だが、言葉の裏を取れば、この詐欺まがいの商売から、できれば手を引きたいといったところであろう。
だからといって、顧客に頼まれたものを売り抜かないわけにもいくまい。
押しも退きもならない父親にうんざりしたのか、友愛がもう寝ると言い出した。
すかさず徹が言う。
「応、お前の部屋に寝かせてやれ」
うなだれていた息子が跳ね起きる。
そこで友愛と目を合わせたが、すぐお互いにそっぽを向いた。
さすがに、井光もおずおずと口を開く。
「あの、その、もう子供やおまへんので……いや、子供かもしれまへんけどな」
徹はパソコンの画面を睨み据えたまま、ピクリとも動かない。
やがて、火焔を背負った不動明王もかくやという形相で言った。
「おいこら応、何考えてやがる。部屋に女あ連れ込もうなんざ、10年早えんだよ」
そんなわけで、応は自分の部屋を武智親子に明け渡して、10年ぶりに父親と枕を並べて寝ることになった。
といっても、枕は1つ、布団も1組しかない。
もともと徹と応、そしてその母親の3人で暮らしていたのである。
応は2人分の布団と枕を、井光の遠慮を押し切って武智親子に明け渡し、自分は徹と同じ布団で寝ることにしたのだった。

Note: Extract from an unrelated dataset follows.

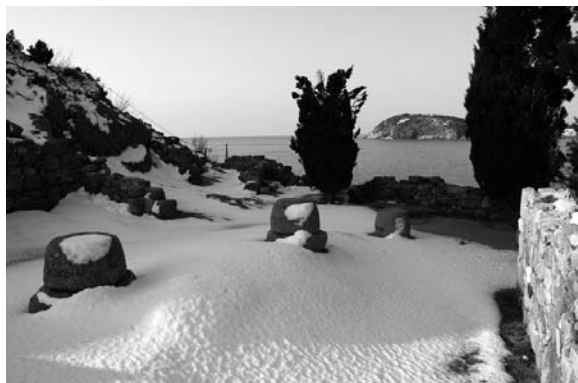
Runes del poblat ibèric de Castell

El temps semblà alentir-se sota la neu. Tot s'immobilitzava i emmudia sota el suau espectacle d'aquell dilluns de març. Els afortunats que podien gaudir de la contemplació de l'escena a

もっとも、徹は起きたまま、枕もとのノートパソコンの画面に釘付けである。
応もとても寝られたものではない。
「父さん、もう寝たら?」
そう言いながら、その手は傍らに寝そべる猫の虎徹の背中を撫でている。
猫は大きなあくびをしたが、徹は身じろぎひとつしないで答えた。
「勝負のかかったときってえのはだな、集中力の途切れたほうが負けなんだよ」
集中力。
まともに働いていないこの男が、そんな言葉を知っていたとは。
応が眠たげにたしなめた。
「入札の締め切り、明日のお昼なんでしょう? 武智さんたち、そこで帰るから」
泊まる予定ではなかったのだから、それでも遅いくらいであろう。
だが、徹にそんな常識は通用しない。
「根性のねえ……買い手がつくまで泊まっていけ、全く」
応が内心、幾夜も友愛と過ごすことをどう思ったかは分からない。
ただ、布団の中でもじもじと身体をすくめたようだった。
それを隠そうとするかのように、父親をたしなめる。